ブッダについて、中村元氏は『ブッダのことば』の註で、次のように書かれています。
仏教が最初に説かれたときには、後世の仏教徒が考えたような「仏」を問題としていたのではない。思慮ある人、求道者としてのブッダを考えていただけなのである。この箇所の前後の関係から見ると、ブッダ(buddha)とビク(bhikkhu)とは、同義語なのである。両者が分離する以前の段階を示している。また求道者としてのbodhisattvaをブッダから区別したのは、後代の思想的所産なのである。(『ブッダのことば』中村元訳、岩波書店〈岩波文庫〉、1985年、p.326)
ところで、ゴータマ・ブッダがどの生き方を最上と見なしたかは不明であるが、文脈から見ると〈道による勝者〉または〈道に生きる者〉を特に尊んでいたようである。かれは特殊な哲学説や形而上学説を唱導したのではない。人間としての真の道を自覚して生きることをめざし、生を終えるまで実践していたのである。(同上、p.271)

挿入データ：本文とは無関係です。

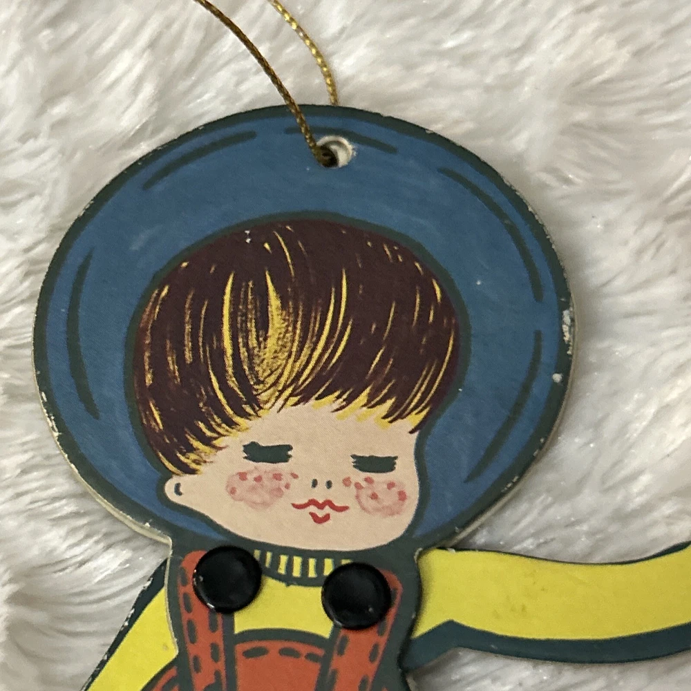 Add a touch of nostalgia to your holiday decor with these rare PIXIE Japanese moveable die-cut paper ornaments. Originating from the 1960s, these charming figures are expertly crafted from cardboard, showcasing intricate details that bring the character of a young boy to life. The ornament's vintage appeal is undeniable, making it a perfect addition to any Christmas collection. With their seasonal theme, these unbranded ornaments are designed to enhance the festive spirit of your home. Manufactured in Japan, they reflect the quality and craftsmanship of the era. Celebrate the Christmas season with a piece of history that is sure to spark conversation and admiration from guests. EUC Minor wear from age
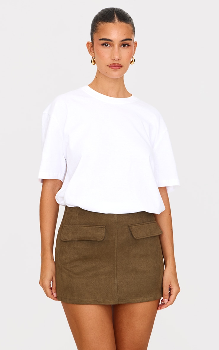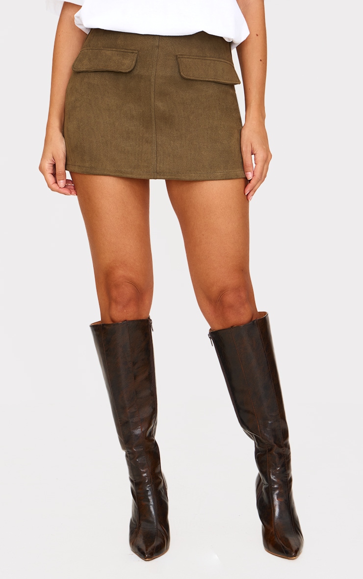 Підніміть свій вихідний образ на нову висоту з цією міні-спідницею кольору хакі з кишенями та штучною замшею. Виготовлений зі штучної замші кольору хакі з кишенею спереду та мініатюрною довжиною, що не подобається? Стилізуйте цю міні-спідницю з футболкою, черевиками на підборах до коліна та простими аксесуарами для образу, якого ми просто не можемо натішитися. Довжина приблизно 33 см/13 дюймів (на основі розміру вибірки UK 8) На моделі одягнено розмір UK 8/ EU 36/ AUS 8/ US 4. Зріст моделі — 5 футів 7 дюймів. Категорія: низ. Тип продукту: міні-спідниця. Колір: хакі. Матеріал: штучна замша.

これによると、当初は、ブッダは特殊な説を述べることはなく、思慮があり、人の踏むべき道を歩む求道者であったということでしょうか。また、ブッダとビクとは同義語だったというのはとても興味深いです。
私は、ブッダと聞くと、人を超えた特殊な存在を想像してしまうところがあるので、こういう見解を読むと、目からウロコが落ちる思いがします。